I can honestly say that I never want to read another novel by the Hebert/Anderson team now that they have completed Frank’s vision, such as it was. We are given a bone at the end of Sandworms of Dune which sets up a whole other realm of sequel books, but I am done. In fact, they intend to write more prequel books, similar in vein to what they did with the first six they wrote, but I am done.

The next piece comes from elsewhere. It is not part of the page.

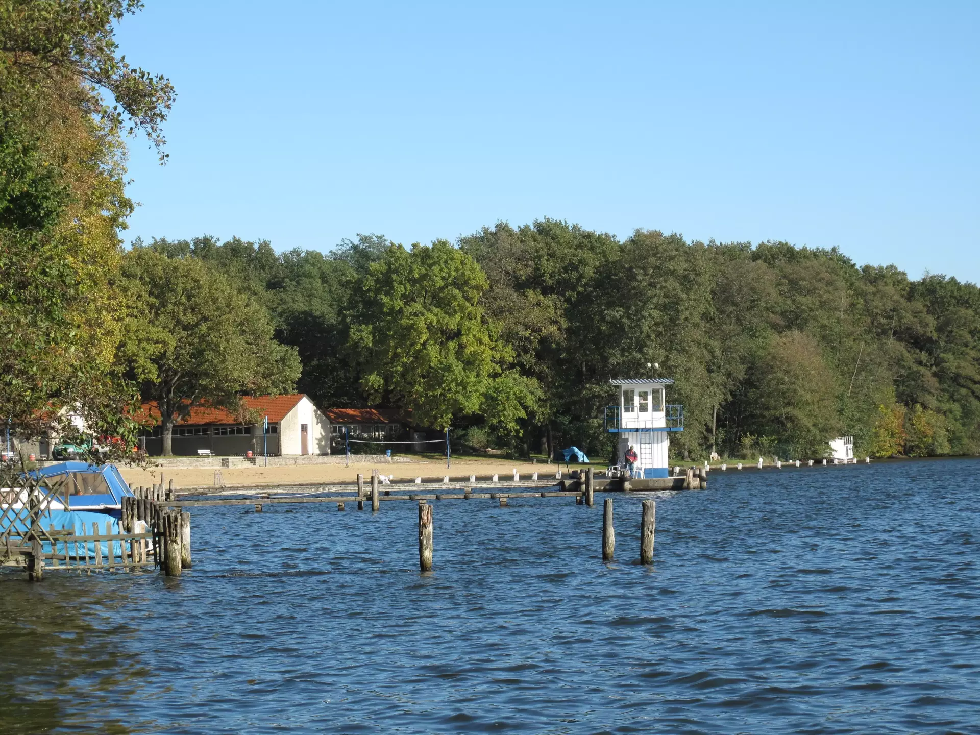 Seebad Wendenschloss spreads along the shore of Langer See, a public lakeside lido that first opened in 1915. The sandy beach slopes gently into clear water, creating a relaxed scene of swimmers, sunbathers, and passing sailboats. From the shoreline, the view stretches across the lake to the historic regatta course on the opposite bank, where sleek racing shells often glide by.
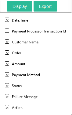 Understand that the more rows there are, the more time it will take to load. - Display: It has all the 8 Transactions Columns listed. Check/Select the columns relevant to you so that no unnecessary information is loaded for a clean look.

So, I am now reading Black House by Stephen King nad Peter Straub. This is the first Stephen King book I have read since I was at Purdue. I read several of his books in succession, and I burned myself out! It’s taken me this long to get back to him again. I did not realize it until I was one hundred pages into the book, but it is the sequel to The Talisman, a book I read either while in college or shortly thereafter. Heather and I bought the book in the Spring, assuming we would read it while we were on vacation in Pennsylvania. I never got to it because I was knee deep in Red Mars.
Jumping from Sandworms of Dune into Black House is a bit like jumping from an ice cold Bud Light into a room temperature pint of Guinness. Although I did not like the novel, Sandworms was an easy read with super short chapters and easy-to-follow plotlines. Black House is thick with characterization, diversions, cultural references, sidebars, inner turmoil, and just plain weirdness (at least now that I am at the fourth murder). This is typical Stephen King. So, I am working a lot harder to read, but it’s worth it.
If I ever were to become a writer, I would in part like to emulate/channel Stephen King. He does have an amazing knack for the little details of our lives, even if they are mundane details in mundane lives. He is also a wizard of portraying the inner thoughts of the characters. We see them in their insanity, their frustration, their fear.
So, after I am done with both that novel and Richard Bachman’s Blaze -- which we also bought last spring – I will finally get back into Hugo and Nebula award winning science fiction . . . right after I pay my library overdue fines.